I think it would make more sense there if it can be.

> +}
> +
> +/**
> + * cxl_walk_cel() - Walk through the Command Effects Log.
> + * @cxlm: Device.
> + * @size: Length of the Command Effects Log.
> + * @cel: CEL
> + *
> + * Iterate over each entry in the CEL and determine if the driver supports the
> + * command. If so, the command is enabled for the device and can be used later.
> + */
> +static void cxl_walk_cel(struct cxl_mem *cxlm, size_t size, u8 *cel)
> +{
> + struct cel_entry {
> + __le16 opcode;
> + __le16 effect;
> + } *cel_entry;
> + const int cel_entries = size / sizeof(*cel_entry);
> + int i;
> +
> + cel_entry = (struct cel_entry *)cel;
> +
> + for (i = 0; i < cel_entries; i++) {
> + const struct cel_entry *ce = &cel_entry[i];
> + const struct cxl_mem_command *cmd =
> + cxl_mem_find_command(le16_to_cpu(ce->opcode));
> +
> + if (!cmd) {
> + dev_dbg(&cxlm->pdev->dev, "Unsupported opcode 0x%04x",
> + le16_to_cpu(ce->opcode));
> + continue;
> + }
> +
> + cxl_enable_cmd(cxlm, cmd);
> + }
> +}
> +
> /**
> * cxl_mem_enumerate_cmds() - Enumerate commands for a device.
> * @cxlm: The device.
> @@ -1048,17 +1158,71 @@ static int cxl_mem_add_memdev(struct cxl_mem *cxlm)
> */
> static int cxl_mem_enumerate_cmds(struct cxl_mem *cxlm)
> {
> - struct cxl_mem_command *c;
> + struct cxl_mbox_get_supported_logs gsl;
> + const struct cxl_mem_command *c;

Make this const in previous patch to reduce the diff a tiny bit.

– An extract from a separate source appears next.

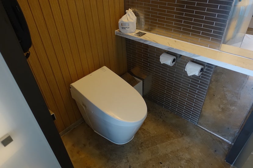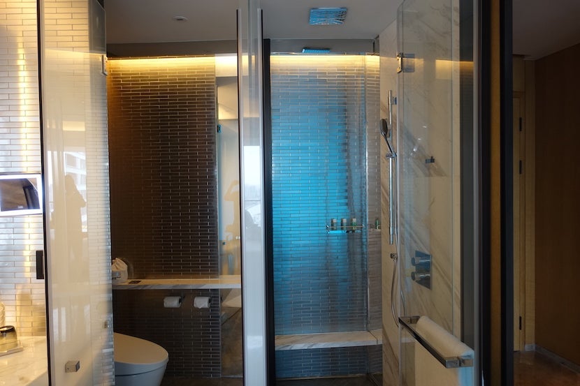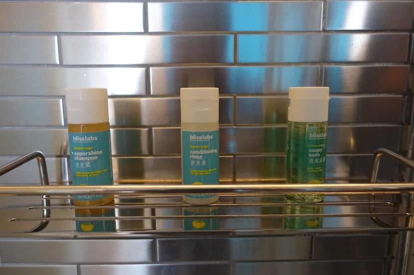 The bathroom had two light settings controlled by switches in the entry hall. One was "bright" and the other was "relax." Neither was actually bright enough to shave by properly. I know I sound like a (crotchety) broken record, but I always find W bathrooms to be way too dark.

> + struct mbox_cmd mbox_cmd;
> + int i, rc;
>
> - /* All commands are considered enabled for now (except INVALID). */
> + /* Pseudo commands are always enabled */
> cxl_for_each_cmd(c) {
> - if (c->flags & CXL_CMD_INTERNAL_FLAG_HIDDEN)
> + if (c->flags & CXL_CMD_INTERNAL_FLAG_PSEUDO)
> + cxl_enable_cmd(cxlm, c);
> + }
> +
> + rc = cxl_mem_mbox_get(cxlm, false);
> + if (rc)
> + return rc;
> +
> + mbox_cmd = (struct mbox_cmd){
> + .opcode = CXL_MBOX_OP_GET_SUPPORTED_LOGS,
> + .payload = &gsl,
> + .size_in = 0,

I raised a question on an earlier patch on why we aren't setting
size_out. Your docs say you should and it would make sense to
me to always do so, but right now it's unused.

> + };
> + rc = cxl_mem_mbox_send_cmd(cxlm, &mbox_cmd);
> + if (rc)
> + goto out;
> +
> + for (i = 0; i < le16_to_cpu(gsl.entries); i++) {
> + u32 size = le32_to_cpu(gsl.entry[i].size);
> + uuid_t uuid = gsl.entry[i].uuid;
> + u8 *log;
> +
> + dev_dbg(&cxlm->pdev->dev, "Found LOG type %pU of size %d",
> + &uuid, size);
> +
> + if (!uuid_equal(&uuid, &log_uuid[CEL_UUID]))
> continue;
>
> - set_bit(cxl_cmd_index(c), cxlm->enabled_cmds);
> + /*
> + * It's a hardware bug if the log size is less than the input
> + * payload size because there are many mandatory commands.
> + */
> + if (sizeof(struct cxl_mbox_get_log) > size) {
> + dev_err(&cxlm->pdev->dev,
> + "CEL log size reported was too small (%d)",
> + size);
> + rc = -ENOMEM;
> + goto out;
> + }
> +
> + log = kvmalloc(size, GFP_KERNEL);
> + if (!log) {
> + rc = -ENOMEM;
> + goto out;
> + }
> +
> + rc = cxl_xfer_log(cxlm, &uuid, size, log);
> + if (rc)
> + goto out;
> +
> + cxl_walk_cel(cxlm, size, log);
> +
> + kvfree(log);
> }
>
> - return 0;
> +out:
> + cxl_mem_mbox_put(cxlm);
> + return rc;
> }
>
> /**
> diff --git a/include/uapi/linux/cxl_mem.h b/include/uapi/linux/cxl_mem.h
> index 50acd6cc14d4..b504412d1db7 100644
> --- a/include/uapi/linux/cxl_mem.h
> +++ b/include/uapi/linux/cxl_mem.h
> @@ -33,6 +33,7 @@ extern "C" {
> C(INVALID, "Invalid Command"), \
> C(IDENTIFY, "Identify Command"), \
> C(RAW, "Raw device command"), \
> + C(GET_SUPPORTED_LOGS, "Get Supported Logs"), \
> C(MAX, "Last command")
> #undef C
> #define C(a, b) CXL_MEM_COMMAND_ID_##a